[Available data]

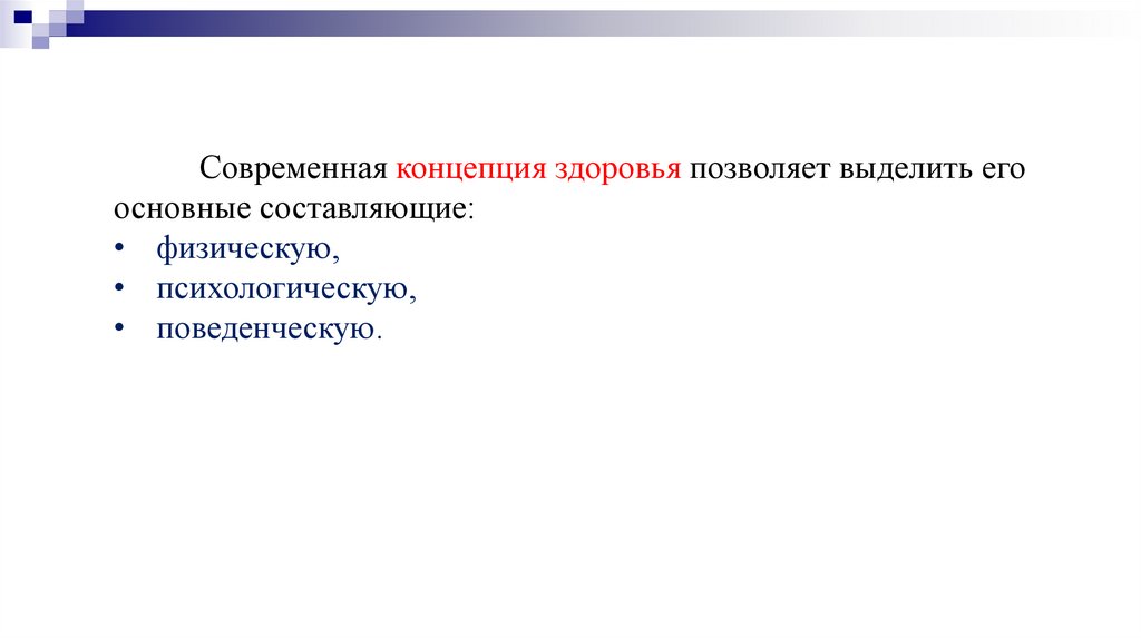 Современная концепция здоровья позволяет выделить егоосновные составляющие:
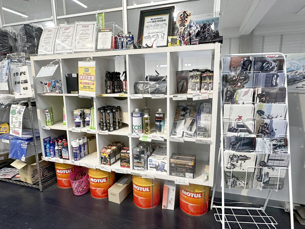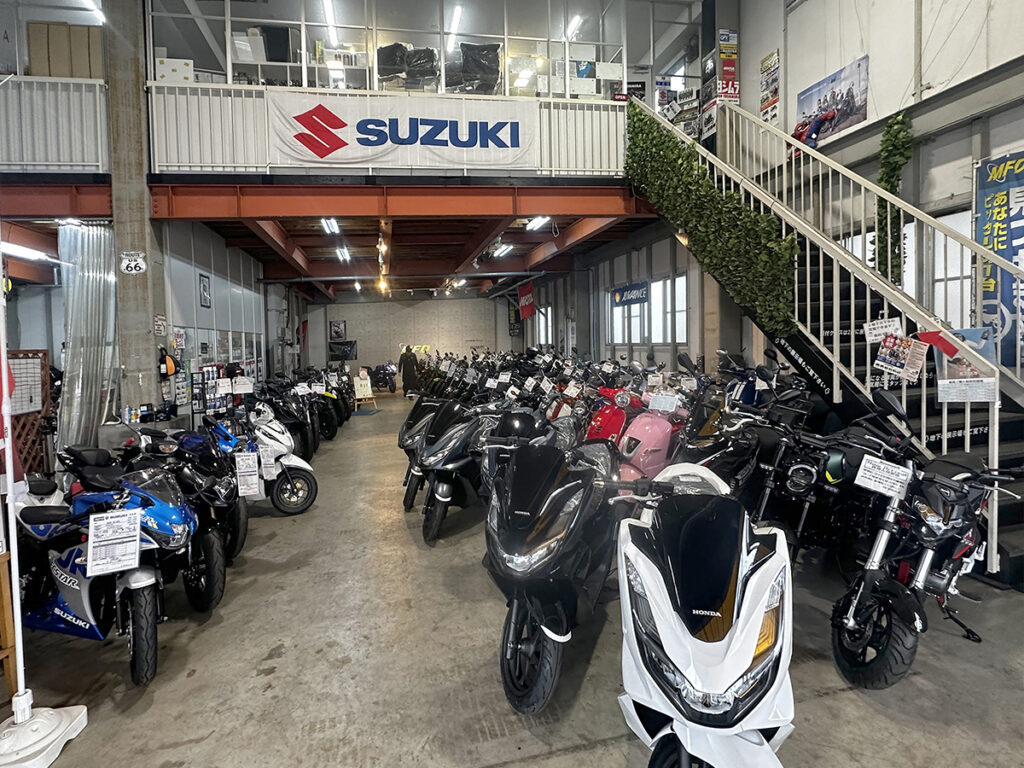新車はスズキ(全排気量)、ホンダ(250cc以下)のほか、ファンティック、プジョー、ランブレッタ、GPXといった外車を取り扱っていて、中古車は国内外すべてのメーカー・全排気量が対象。
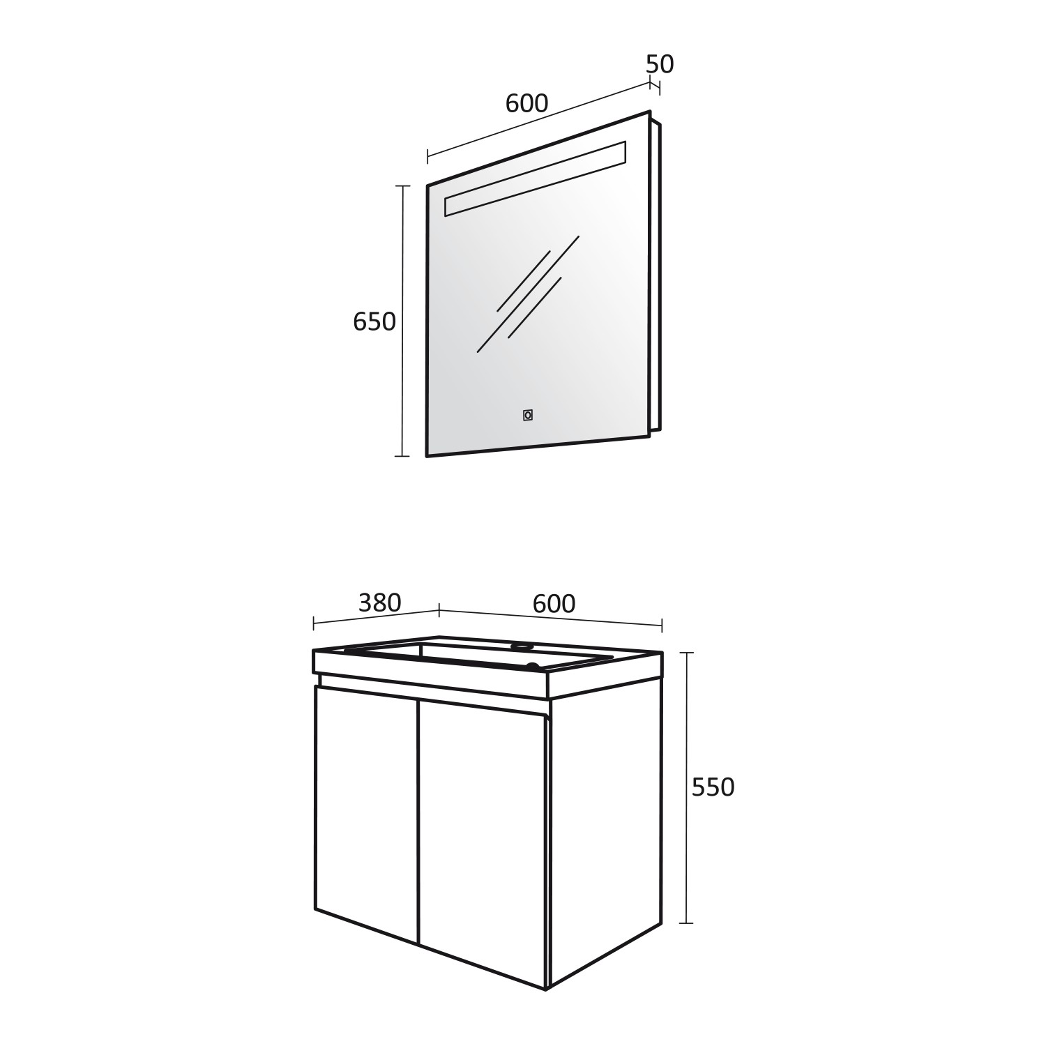 • Размери в мм: Ш – 600 / В – 550 / Д – 380

[Work order] Beginning with the line containing "新車はスズキ(全排気量)、ホ" and ending with the last line of the data above, repeat each line exactly. Include no pictures and no other lines.

[Answer box]
新車はスズキ(全排気量)、ホンダ(250cc以下)のほか、ファンティック、プジョー、ランブレッタ、GPXといった外車を取り扱っていて、中古車は国内外すべてのメーカー・全排気量が対象。
 • Размери в мм: Ш – 600 / В – 550 / Д – 380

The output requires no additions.